Work item => Go to the line that contains "This Polish Pottery", then write out that line and all that follow to the end of the listing, exactly and without pictures.

Recorded data =>
━━━━━━━━━━━━━━━━━━━━━━━━━━━━━━
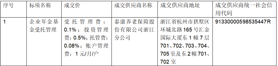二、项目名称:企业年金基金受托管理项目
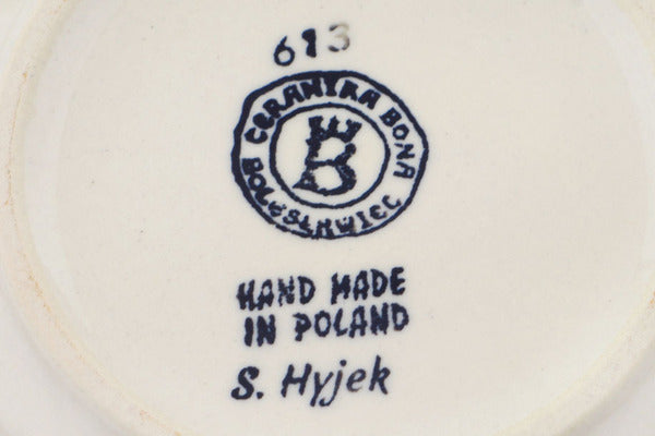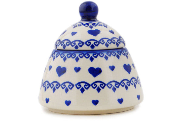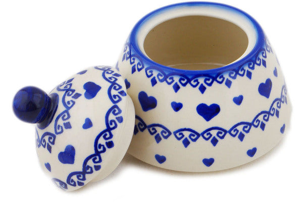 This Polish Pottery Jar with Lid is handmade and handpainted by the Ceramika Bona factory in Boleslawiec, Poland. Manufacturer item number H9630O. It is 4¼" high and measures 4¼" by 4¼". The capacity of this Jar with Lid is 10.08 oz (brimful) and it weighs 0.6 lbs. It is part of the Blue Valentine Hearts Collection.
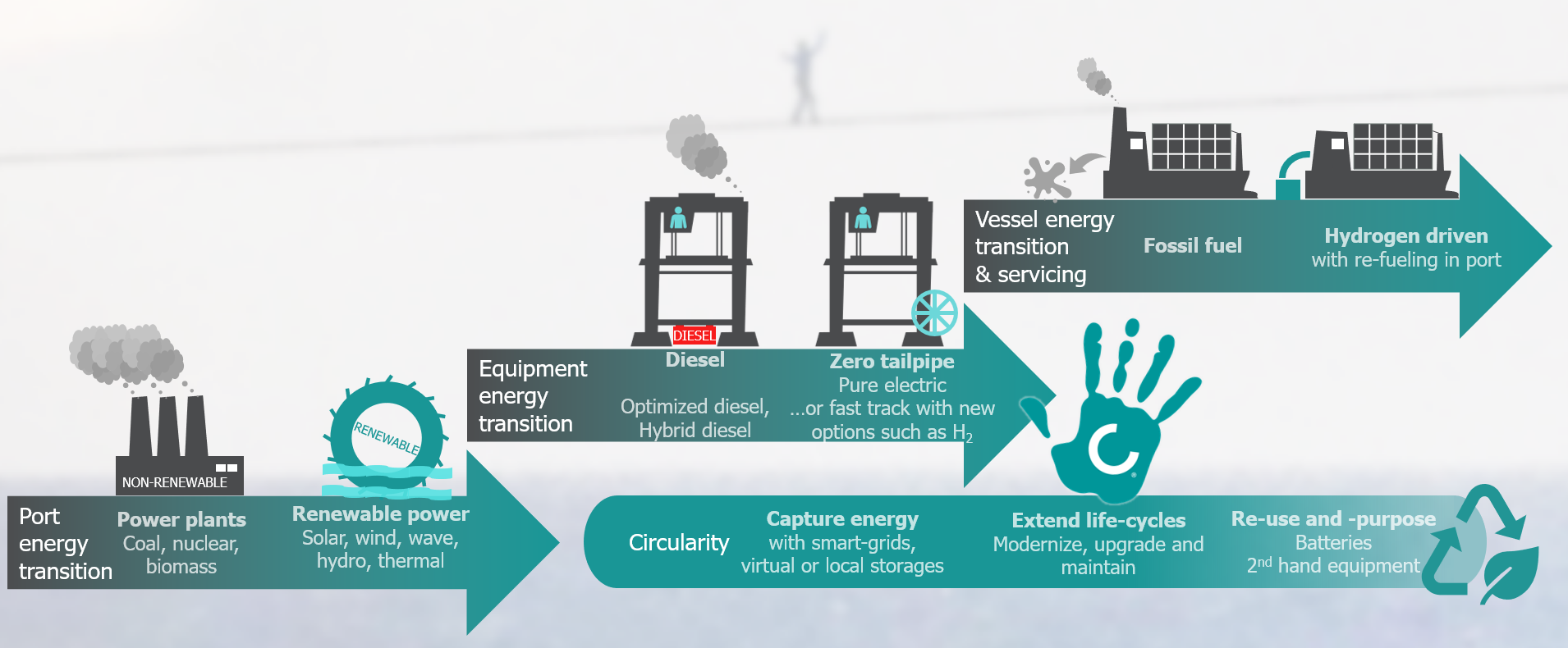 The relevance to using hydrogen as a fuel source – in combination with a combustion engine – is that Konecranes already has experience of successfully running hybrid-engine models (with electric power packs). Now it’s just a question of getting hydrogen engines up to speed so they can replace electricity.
━━━━━━━━━━━━━━━━━━━━━━━━━━━━━━
Expected output =>
 This Polish Pottery Jar with Lid is handmade and handpainted by the Ceramika Bona factory in Boleslawiec, Poland. Manufacturer item number H9630O. It is 4¼" high and measures 4¼" by 4¼". The capacity of this Jar with Lid is 10.08 oz (brimful) and it weighs 0.6 lbs. It is part of the Blue Valentine Hearts Collection.
 The relevance to using hydrogen as a fuel source – in combination with a combustion engine – is that Konecranes already has experience of successfully running hybrid-engine models (with electric power packs). Now it’s just a question of getting hydrogen engines up to speed so they can replace electricity.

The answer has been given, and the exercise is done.